[derefr]

You could embed a very-lightweight crypto-miner script into the page, with explicit UI acknowledgement (i.e. it starts when the user presses the "Verify" button, it displays that it's working and how hard it's working; and it runs until it produces exactly one target hash, at which point it clearly stops), and targeting an artificially-tuned difficulty such that a regular PC should be capable of completing in a minute or two (rather than trying to actually mine for any real blockchain network, which would require absurdly-high hash power.)

This is basically how "e-stamp" system proposals were supposed to work for email; but they never took off because email is an ossified system. The web is not ossified; individual websites are free to implement something like this.

If you're worried about spammers just throwing a GPU farm at the problem: the overlap between spammers and people who own crypto-mining operations is small; and the people who own crypto-mining operations have much-more-profitable things to point them at. So this should mostly stymie spammers—individuals will be okay with sitting around on the page for a couple minutes to complete the action, but it'll throttle spammers' actions way down, to the point where it's mostly not worth it to attack that site any more, vs. some other site (i.e. it'll have the same relative-deterrent effect that putting a club on your car does.)
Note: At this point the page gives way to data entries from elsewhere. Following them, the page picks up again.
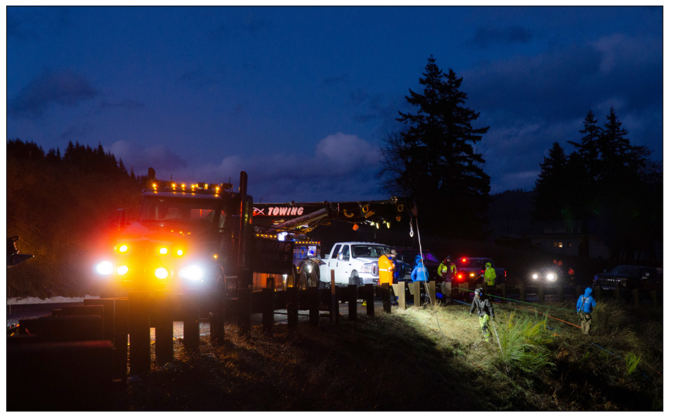
Skamania County first responders work to recover the vehicle and body of a local man in Underwood on Monday, Feb. 22 after a fatal crash.

Feb. 23 — Second and Hostetler — Male reported to be standing in the middle of the railroad tracks by two
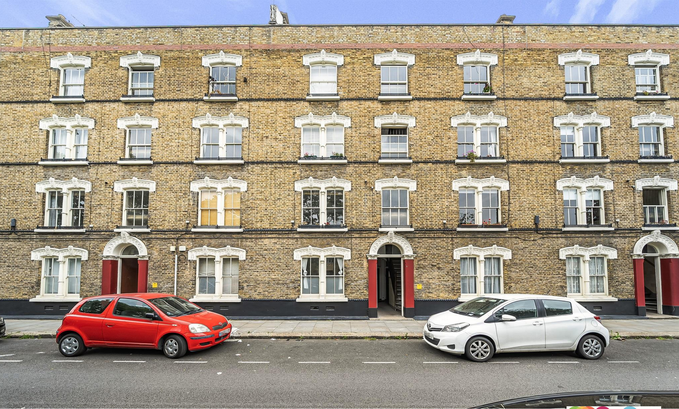
Amelia Street, London SE17
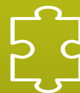
Image + Text + Data About 1 Subject Done Creatively

We are visually wired. overloaded with info, can process text & graphics faster

You could even frontload the work, turning it from a proof-of-work system into a proof-of-stake system. Have the user "buy in" with a large hash workload during user registration; and then trust them from then on. (This is the better approach for a mobile app: direct them to register on the app's website on a PC, and then you can trust that user on the much-lower-powered mobile device, despite that device never generating a token.)

-----

An effectively strictly-equivalent approach is to just charge the user a dollar to complete certain actions.

One famous example of this is the SomethingAwful forums, where registrations cost $10. You can register as many times as you like—i.e. if your account gets banned, there's nothing stopping you from just coming right back again—but you'll need to pay another $10. Seems to work fine, in terms of making it too costly to keep doing anything the site bans people for.

[rattray]

I like the cleverness and simplicity of the bitcoin mining approach, but the tradeoff between "takes too long, damaging our signup flow" (where anything more than 5 seconds is likely to have a material impact) and "doesn't take long enough, making it too cheap for bots to proceed" may be quite tricky.

Charging a buck is extremely simple, and fair. The SA example tickles me.

I wonder if the folks who dislike reCAPTCHA would be willing to choose to pay $1 if given the option between the two.

[brokenmachine]

> I wonder if the folks who dislike reCAPTCHA would be willing to choose to pay $1

Another commenter said that the market rate for reCAPTCHA solving is 1c each, so $1 is probably more than most would pay.